(Source data)
====
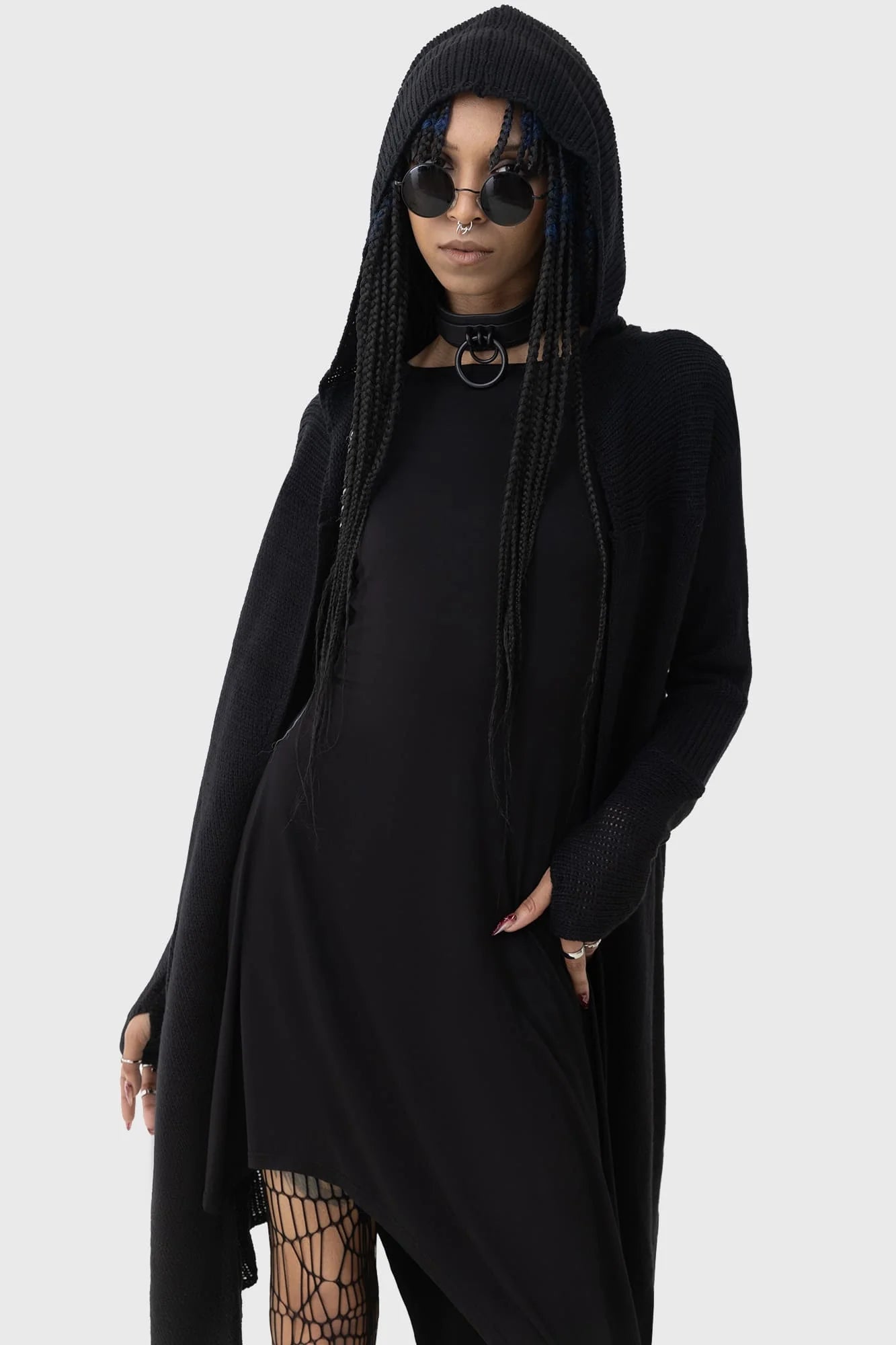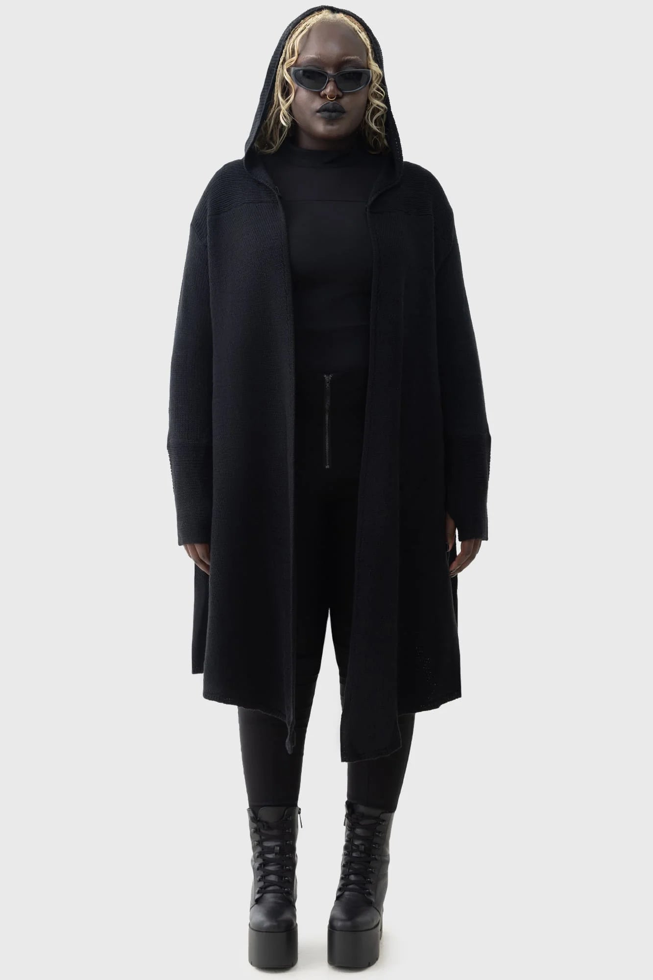 Wrap yourself in dark comfort with the Killstar Last Quarter Hooded Cardigan – a soft, lightweight knit layer designed for effortless gothic style. Featuring an oversized hood, long sleeves, and dramatic side dip hems, this relaxed-fit cardigan is perfect for layering over your favourite outfits, from casual daytime looks to night-time rituals.
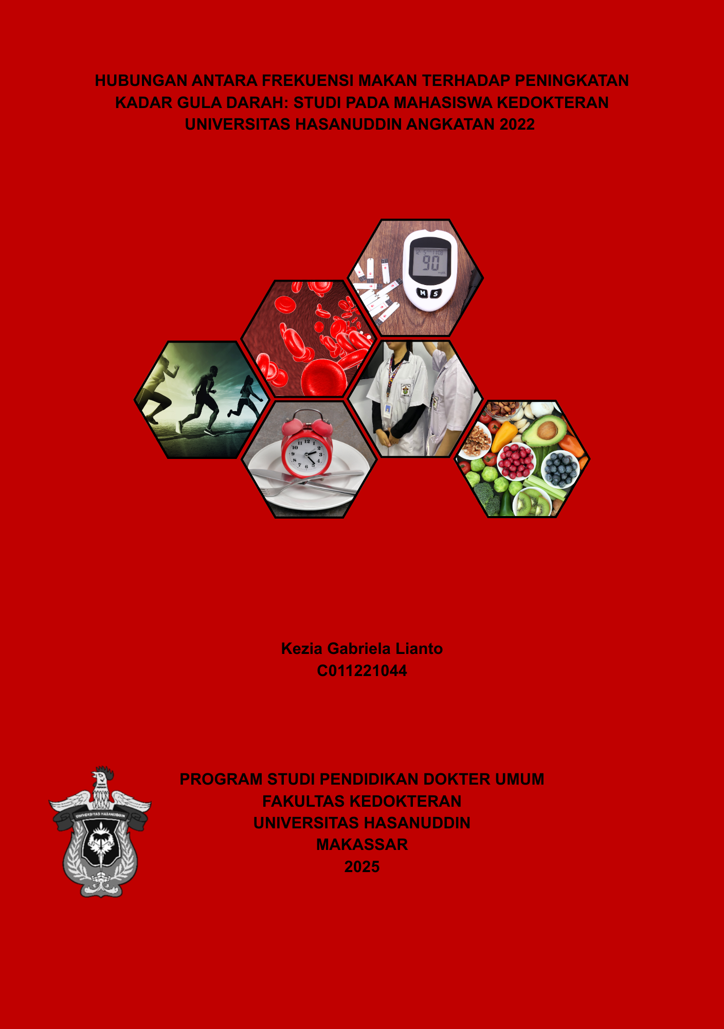 LIANTO, KEZIA GABRIELA (2025) HUBUNGAN ANTARA FREKUENSI MAKAN TERHADAP PENINGKATAN KADAR GULA DARAH: STUDI PADA MAHASISWA FAKULTAS KEDOKTERAN UNIVERSITAS HASANUDDIN ANGKATAN 2022 = THE RELATIONSHIP BETWEEN EATING FREQUENCY AND INCREASED BLOOD GLUCOSE LEVELS: A STUDY ON STUDENTS OF THE FACULTY OF MEDICINE, HASANUDDIN UNIVERSITY BATCH OF 2022. Skripsi thesis, Universitas Hasanuddin.
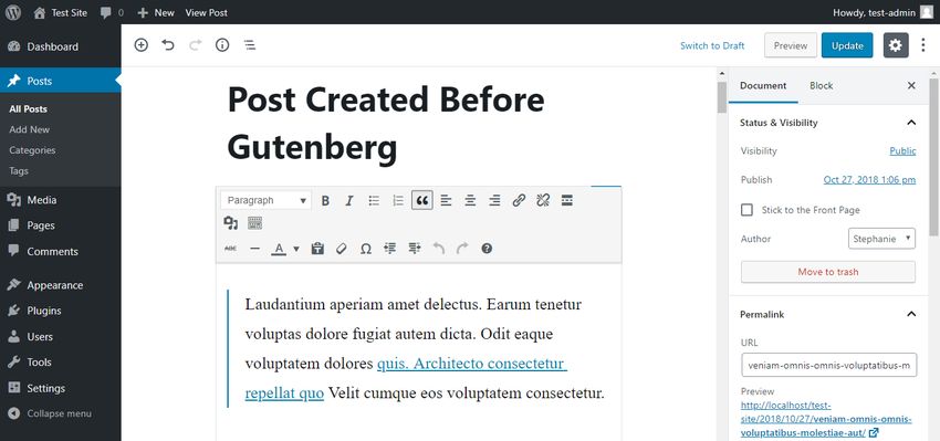 Posts and pages created before Gutenberg are refactored as a single Classic block. So, we don’t have to worry about existing content, as Gutenberg takes care of it all. Using the Classic block’s built-in TinyMCE interface, we can easily update the refactored posts with new content, too.
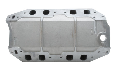 Edelbrock part #28001 Big Victor 2 Spread-Port intake manifold is designed for large cubic-inch or high rpm drag racing big-blocks with Edelbrock Big Victor, Dart Big Chief or Brodix Big Duke cylinder heads, this manifold has an average runner area of approximately 4.75 sq. in. The port exits have been reduced to accommodate the wide variety of intake port sizes and require port matching. The runners have a minimum corner radius of .500" from the plenum to the exit allowing the popular oval port shape to be used. The outside runners are shorter and straighter than competitor's manifolds and the plenum is longer front to back. These features, combined with approximately 5% taper in runner cross-sectional area, give better top end horsepower while maintaining consistency and throttle response off the stop. All applications are equipped with a 4500 Series flange and will accept 2.25" throttle body butterflies without a spacer or modification.
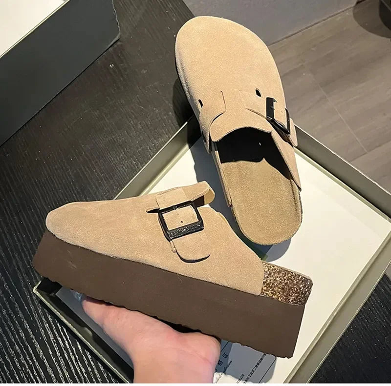 Fashion Outdoor Slip On Beach Sandalias Women's Suede Mules Slippers Platform Flats Boston Clogs Sandals
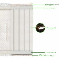 - Âme intérieure du matelas (certifiée naturelle) : 18 cm de latex 100% naturel Bio de 80 kg/m³
====
What is needed is an exact copy of only the lines above from the one with "LIANTO, KEZIA GABRIELA" to the one with "Posts and pages", both kept, with every picture left out.

 LIANTO, KEZIA GABRIELA (2025) HUBUNGAN ANTARA FREKUENSI MAKAN TERHADAP PENINGKATAN KADAR GULA DARAH: STUDI PADA MAHASISWA FAKULTAS KEDOKTERAN UNIVERSITAS HASANUDDIN ANGKATAN 2022 = THE RELATIONSHIP BETWEEN EATING FREQUENCY AND INCREASED BLOOD GLUCOSE LEVELS: A STUDY ON STUDENTS OF THE FACULTY OF MEDICINE, HASANUDDIN UNIVERSITY BATCH OF 2022. Skripsi thesis, Universitas Hasanuddin.
 Posts and pages created before Gutenberg are refactored as a single Classic block. So, we don’t have to worry about existing content, as Gutenberg takes care of it all. Using the Classic block’s built-in TinyMCE interface, we can easily update the refactored posts with new content, too.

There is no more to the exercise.